Barriers come in many forms. There are the common physical barriers, some inconvenient like that fence that blocked your favorite shortcut as a kid, others serving practical purposes, such as the various forms of traffic control which block your short cuts as an adult! Still others are beneficial, such as barrier islands that form protected waters where marshlands and estuaries can exist, flush with wildlife.
The barrier foremost in my mind lately is that of the 'day job'. Now, calling my day job a barrier requires a certain context because, lets face it, without it a lot of necessary and/or desired things would not be possible. There is that pesky mortgage, the kid's college tuition, all the bills associated with living in the Long Island version of suburbia, the nice vacations, etc., etc. All that is understood and accepted, if reluctantly, in spite of the running joke that 'my day job is really cutting into my play time!'. On top of that is the disruption caused by a do-it-yourself kitchen renovation. Disrupted habits and routines are not always a bad thing, but when layered on top of an existing stress, well...
The barrier caused by the day job that seems to crop up too often recently is its tendency, through stress and mental exhaustion, to deplete the energy needed for creativity. Too often lately, I've caught myself late in the evening staring into the 24" high res lcd panel, filled with some image file I am trying to finesse to fit the potential I see in it and my focus drifts and my eyes slowly close - only to snap awake when I catch myself. The result is the writing starts to fall off and the image processing backlog doesn't get any smaller. It even gets noticeably harder to fire up that creative spark needed to enter that mental space that allows me, even drives me to create.
This is NOT good, especially for someone who's need to create is one of the prime motivators in life. The frustration can become palpable.
So, what is one to do? Not much but ride it out, unfortunately. The day job is not always this stressful and, as the saying goes, this too shall pass. The kitchen project, little by little, is getting done and in a few more weeks we should have a functional, and even attractive, kitchen again.

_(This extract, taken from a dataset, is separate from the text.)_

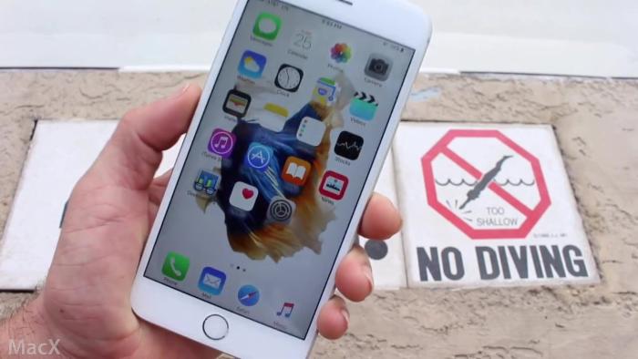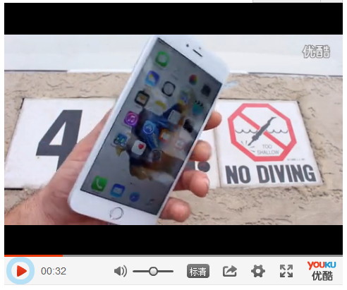 下面这段视频中,iPhone 6s Plus 被放入游泳池中,深度为4英尺。1分钟后,手机的屏幕出现了一些触控问题,2分钟后,设备的屏幕某部分开始无法正常显示。几分钟后,iPhone 6s Plus 变得越来越热。两个小时后,设备直接报废,无法开机。总得来说,iPhone 6s 和 iPhone 6s Plus 耐水性要比去年的 iPhone 更好,只是无法做到真正的防水。

In the meantime, I've learned how to install an Italian tile floor, the definition of the word 'slake' as applied to mortar, how easy it is to blow a hand powered tile cutter to smithereens and the advantages of spending a bit more money for a proper stone cutter table saw (highly recommended). The RAW photo files will still be on the computer and waiting.
(click on image to enlarge) A World of Wounds
In the midst of this morass, I have found one creative outlet which has paid some surprising dividends: the iPhone camera. I've discovered that the few minutes spent walking between Penn Station and my office can be a goldmine. In this mile and a half of walking and observing, before the pressures, interruptions and obligations of the day start to encroach upon the psyche, the creative spirit can still manifest itself. The result is a collection of little images that speak to a unique world that exists in the early moments of each weekday in New York City. As I take my varied daily route through Murray Hill, I am primed for the small discoveries. The resulting collection is growing, such that I have committed one of my web site galleries to iPhoneography. I have posted a few examples with this blog entry as usual, but be sure to stop by the iPhoneography Gallery to see the rest of a continuously expanding collection of images. One photograph, 'An Intersection of Metals', was even selected for the juried photography show currently being exhibited in the Kiernan Gallery's 'iSpy: Camera Phone Photography Show' in Lexington, Virginia.
(click on image to enlarge) An Intersection of Metals
It seems the late night creativity has taken a little bit of a hit as of late, but creativity finds a way. This time, it came out through a little camera phone and a series of unexpected but intriguing photographs.